* **Activity**
No pictures belong in the result; set down exactly the lines from the one containing "大容量でみんなでワイワイした" through the final line of the listing, and nothing more.

* **Data for review**
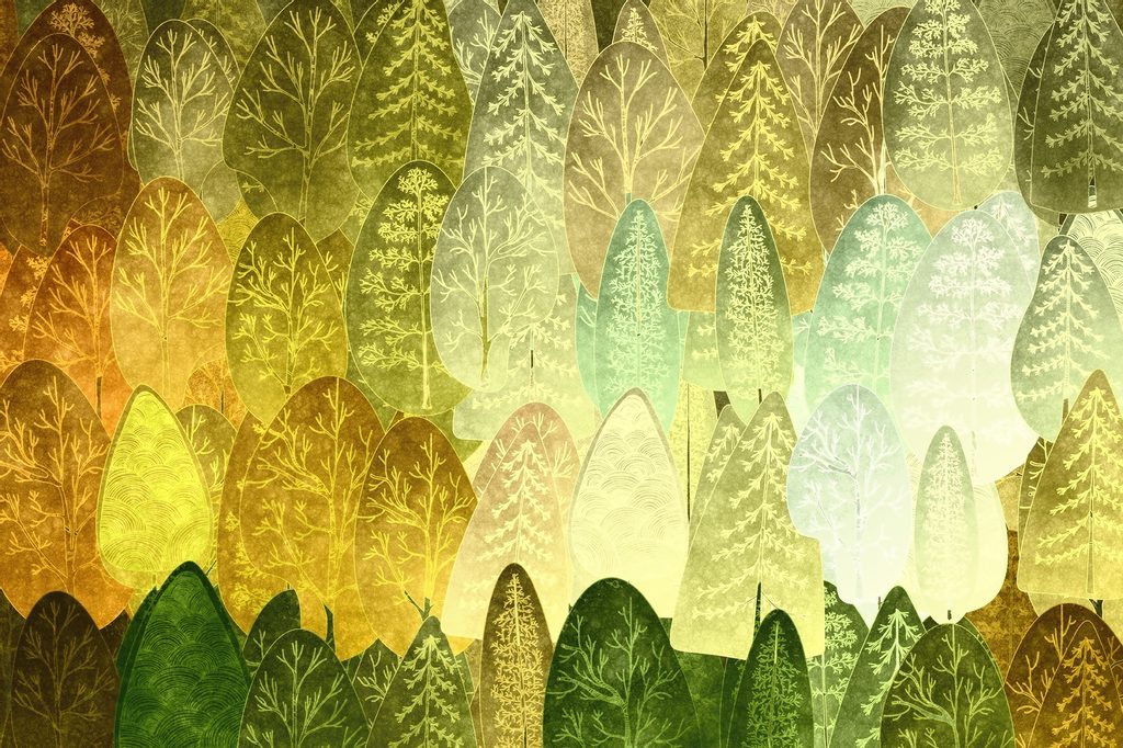 Tapeta pohádkově nesouměrné stromy
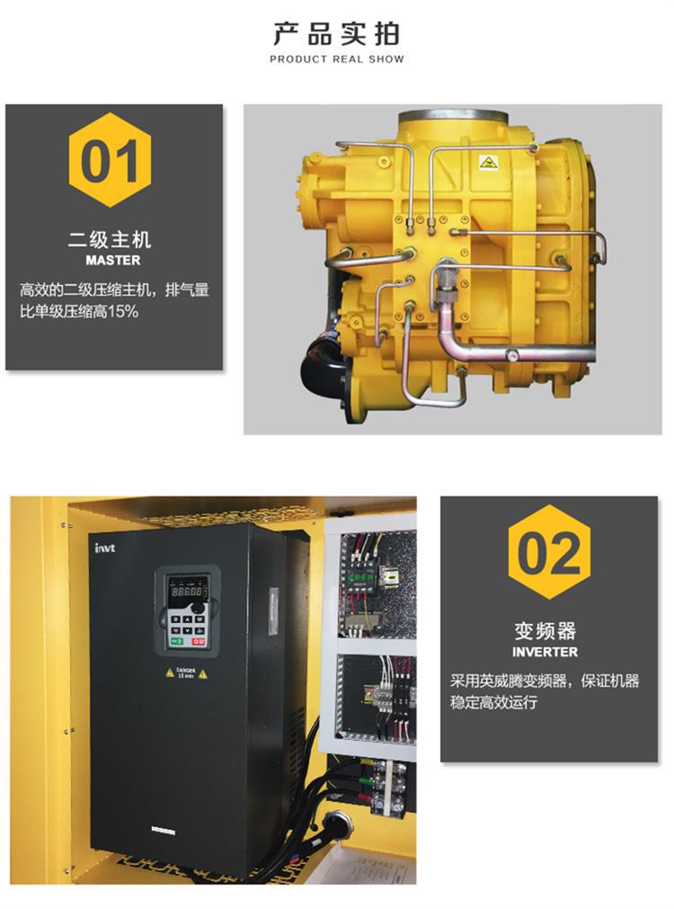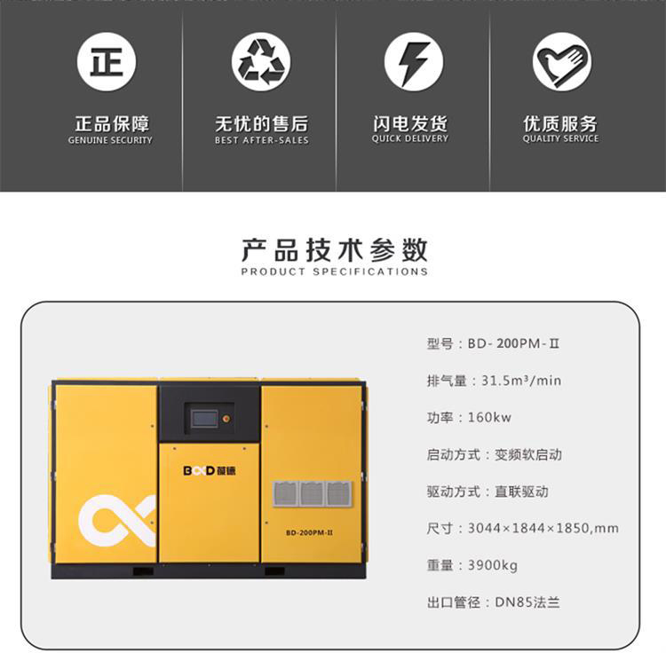 葆德两级压缩空压机特点:高效能两级压缩主机,排气量比单级压缩高15%等,型号:BD-30PM-Ⅱ、BD-50PM-Ⅱ、BD-75PM-Ⅱ、BD-100PM-Ⅱ、BD-125PM-Ⅱ、BD-150PM-Ⅱ、BD-175PM-Ⅱ、BD-200PM-Ⅱ、BD-250PM-Ⅱ、BD-300PM-Ⅱ、BD-350PM-Ⅱ、BD-400PM-Ⅱ、BD-450PM-Ⅱ、BD-500PM-Ⅱ
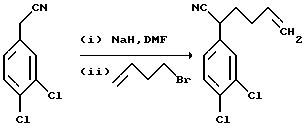 ПОЛУЧЕНИЕ 12-(3,4-Дихлорфенил)гекс-5-еннитрил ![]() К раствору гидрида натрия (14,8 г, 370,4 ммоль, 60% дисперсия в минеральном масле) в диметилформамиде (150 мл) при 0oC в атмосфере азота добавляли раствор 3,4-дихлорфенилацетонитрила (68,9 г, 1 мол. экв.) в диметилформамиде (300 мл) и смесь перемешивали в течение трех часов. Затем добавляли раствор 4 бромбут-1-ена (50 г, 1 мол. экв.) в диметилформамиде (100 мл) и смесь перемешивали при комнатной температуре в течение одного часа, затем нагревали до 60oC в течение пяти часов. Реакционную смесь затем охлаждали и добавляли воду (1 л). Смесь затем экстрагировали этилацетатом (2 х 500 мл). Объединенные органические слои промывали водой (2 х 1 л), сушили над безводным сульфатом магния и растворитель удаляли при пониженном давлении. Остаток затем очищали колоночной хроматографией с использованием силикагеля и градиентного элюирования смесью этилацетат: гексан (градиент от 1:19 до 1:6 по объему), получая указанное в заголовке (соединение (51,5 г). Rf ТСХ = 0,47 (диоксид кремния, гексан: этилацетат, 6:1 по объему). 1H-NMR (CDCl3): = 1.85-2.1 (m, 2H), 2.2-2.3 (m, 2H), 3.75-3.8 (m, 1H), 5.05-5.1 (m, 2H), 5.7-5.3 (m, 1H), 7.15-7.2 (m, 1H), 7.4-7.45 (m, 2H).
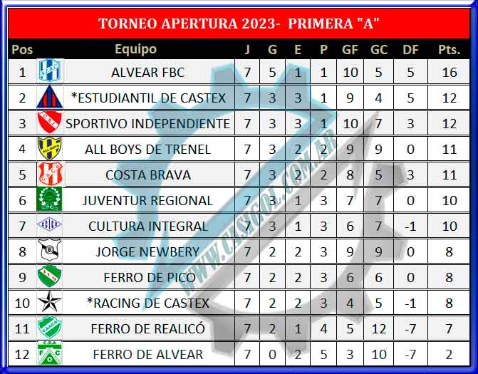 Nota: Nuestra tabla agrega el punto del partido que hasta el minuto 8' sumaban Racing de Castex y Estudiantil.
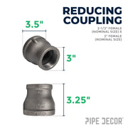 These cylindrical fittings are used to connect two pipes of different diameters. You can use a reducing coupling to add height or length to table legs, bar stool legs, clothing racks, and more by attaching two pipes together. Our fittings are made with durable, industrial-grade malleable iron. Fittings are 100% authentic and are made to stand the test of time. You will know PIPE DECOR parts and accessories when you hold them. Beauty and beast. Strength and style. These are real industrial fittings for your decorations and designs. Accept no substitutes. Extra pieces and accessories are available for your custom projects and expansions. Plug and play as desired.
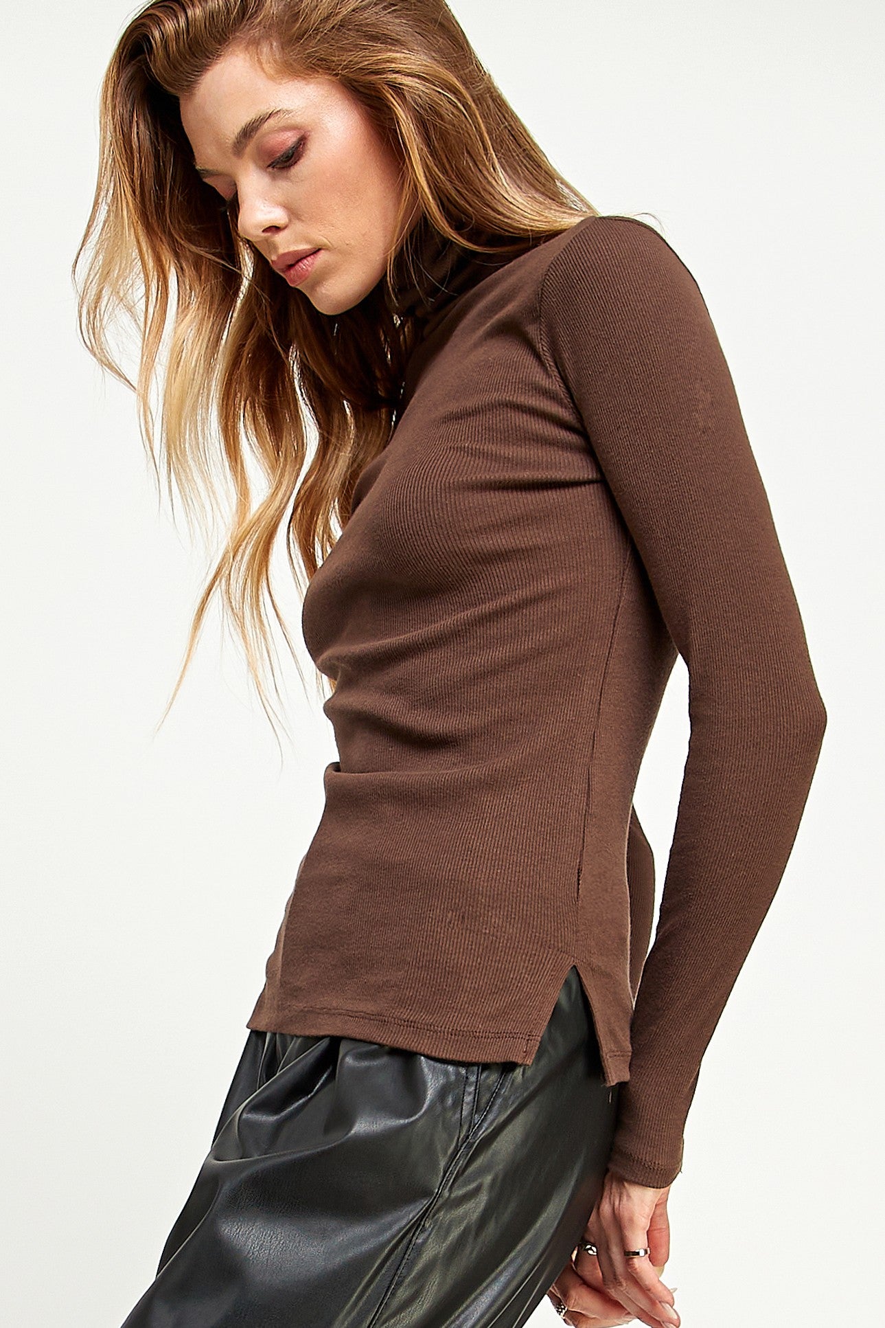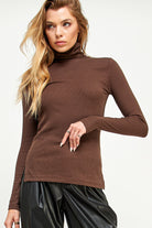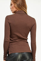 The Camryn Top in rich chocolate is a playful twist on a classic ribbed turtleneck. Its snug fit and soft texture make it the perfect base for layering or shining on its own. Cozy, chic, and ready to add a fun touch to any outfit!
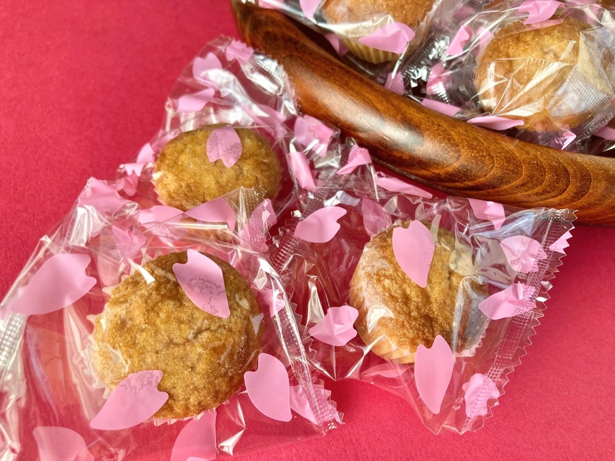 大容量でみんなでワイワイしたいときにもぴったり!桜の香りと桜葉の塩味がきいたひとくちサイズのマドレーヌ。
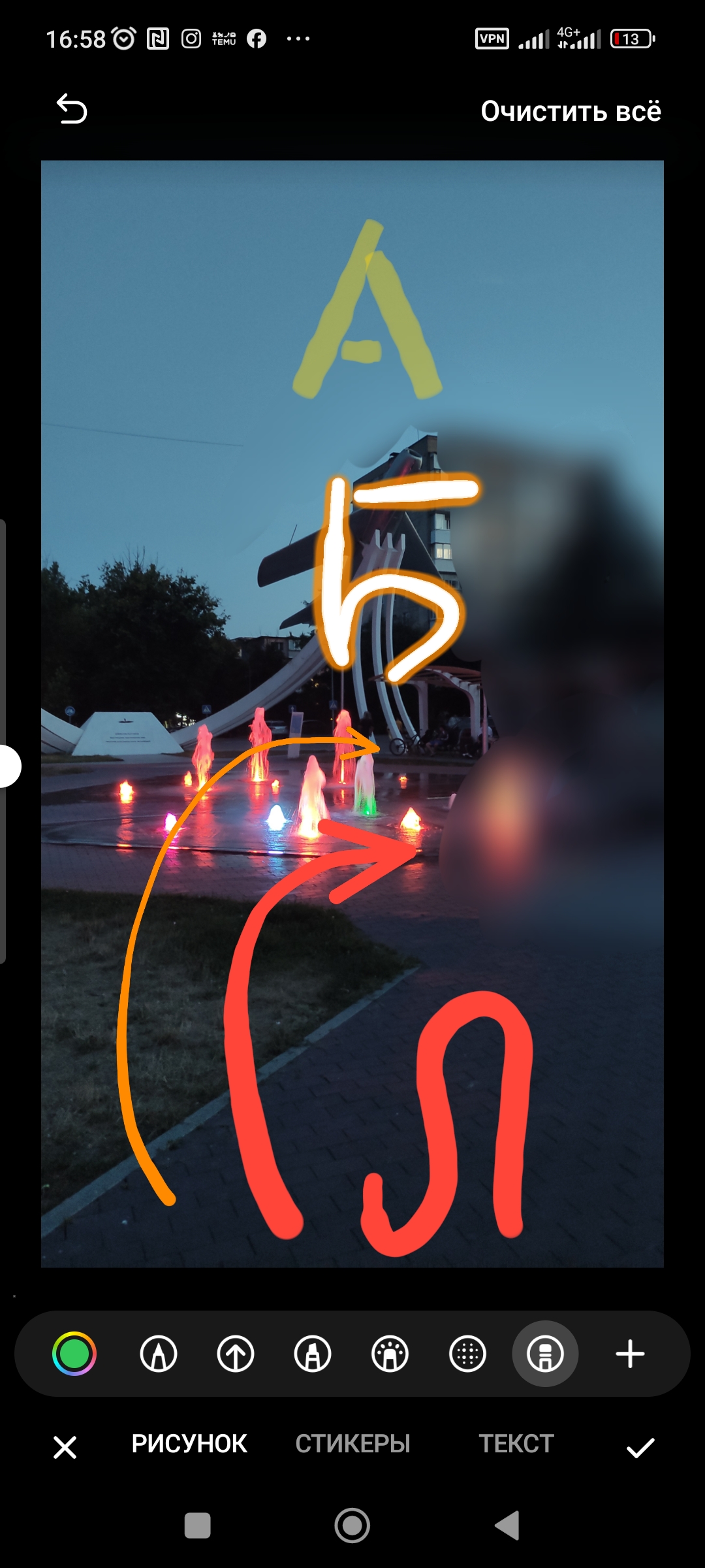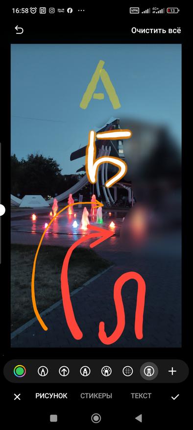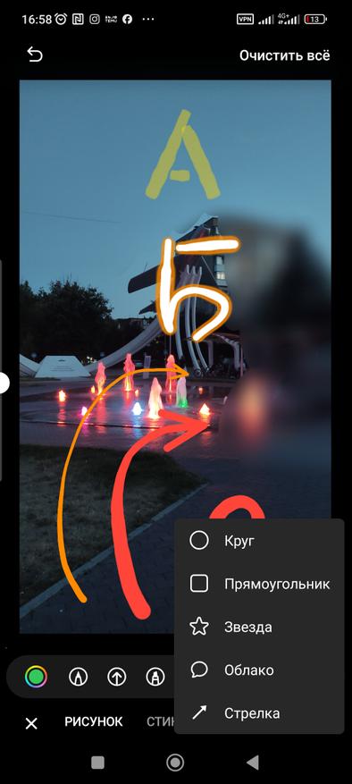 Средняя иконка отвечает уже за более широкий спектр функций редактора. Для начала с левой стороны экрана вы можете выбрать толщину рабочей кисти. Внизу можно выбрать необходимый вам цвет. Далее можно рисовать стрелки, что очень удобно, к примеру, чтобы объяснить человеку, как и куда правильно пройти. Можно добавить иконки диалогов, круги, прямоугольники и прочие фигуры. Также доступен широкий спектр различных кистей. В общем разберётесь, здесь нет ничего сложного. Дополнительно стоит отметить, что на изображение можно добавить текст, смайлы и анимированные стикеры. При желании предпоследний инструмент убирает всё наше творчество в выбранной зоне.

* **Expected output**
 大容量でみんなでワイワイしたいときにもぴったり!桜の香りと桜葉の塩味がきいたひとくちサイズのマドレーヌ。
 Средняя иконка отвечает уже за более широкий спектр функций редактора. Для начала с левой стороны экрана вы можете выбрать толщину рабочей кисти. Внизу можно выбрать необходимый вам цвет. Далее можно рисовать стрелки, что очень удобно, к примеру, чтобы объяснить человеку, как и куда правильно пройти. Можно добавить иконки диалогов, круги, прямоугольники и прочие фигуры. Также доступен широкий спектр различных кистей. В общем разберётесь, здесь нет ничего сложного. Дополнительно стоит отметить, что на изображение можно добавить текст, смайлы и анимированные стикеры. При желании предпоследний инструмент убирает всё наше творчество в выбранной зоне.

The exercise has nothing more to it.